Highly Conductive Liquid Metal-Based Shape Memory Material with an Ultrasensitive Fire Warning Response

Fire warning materials always play an important role in safeguarding people's lives and property. In general, existing approaches to realize supersensitive fire warning responses are typically focused on how to reduce response times. However, most strategies to effectively achieve fire warning require a high trigger temperature of over 180 degrees C that is unsuitable for fire warning of materials with a low flash point. Herein, a liquid metal-based shape memory material (LM-SMM) is fabricated by integrating liquid metal (LM), polydimethylsiloxane (PDMS), and polyurethane foam. The phase transition function of the LM contributes to better shape fixation properties. Meanwhile, the flexibility of PDMS assures good shape recovery performance.

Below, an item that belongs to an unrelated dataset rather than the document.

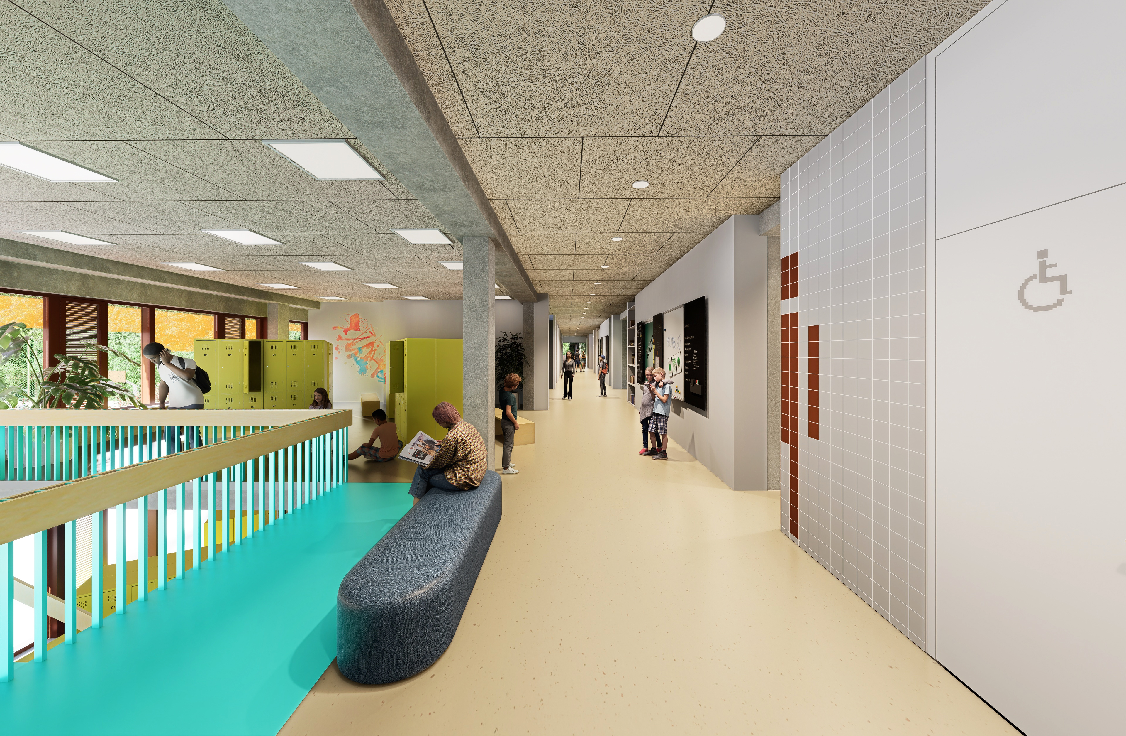 Interiér je riešený maximálne funkčne a ekologicky. Vyhýbali sme sa zbytočným nánosom omietok a bezvýznamným úpravám, povrchy zachovávame maximálne v ich pôvodnom výzore pri zachovaní funkčnosti. Betónový skelet spolu s novými prefabrikátmi chceme priznať v jeho pôvodnej kráse. Pôvodné murované steny zachovávame v ich tehlovej štruktúre bez omietok, len so zakonzervovaním a praktickou maľovkou. Všetky povrchy sú maximálne funkčné a bez zbytočných výstrelkov. Drevo nech je drevo, betón nech je betón, akustická drevená vlna nech je prirodzená. Chceme, aby ekológia bola postavená na racionalite. Každú novú vrstvu sme v projekte dôsledne zvážili, prehodnotili a až potom umiestnili. Prioritou je funkčnosť, ekológia a priestor pre výučbu. Pri verejnej budove, akou je škola platená z verejných financií, je podľa nášho názoru absolútne podstatné, aby bol tento princíp zachovaný.

In particular, the LM-SMM still owns favorable electrical conductivity that could facilitate its application in advanced electronics. The combination of switchable structure and excellent electrical conductivity makes this LM-SMM appropriate for an ultrasensitive fire warning response. With the help of such performance, the LM-SMM can achieve the lowest fire-warning response temperature in a fast response time, which displays promising application in the safe storage of flammable materials. More importantly, this work could not only achieve the fabrication of highly conductive LM-SMM but also expand applications, thus providing possibilities for the next-generation supersensitive fire-warning response materials.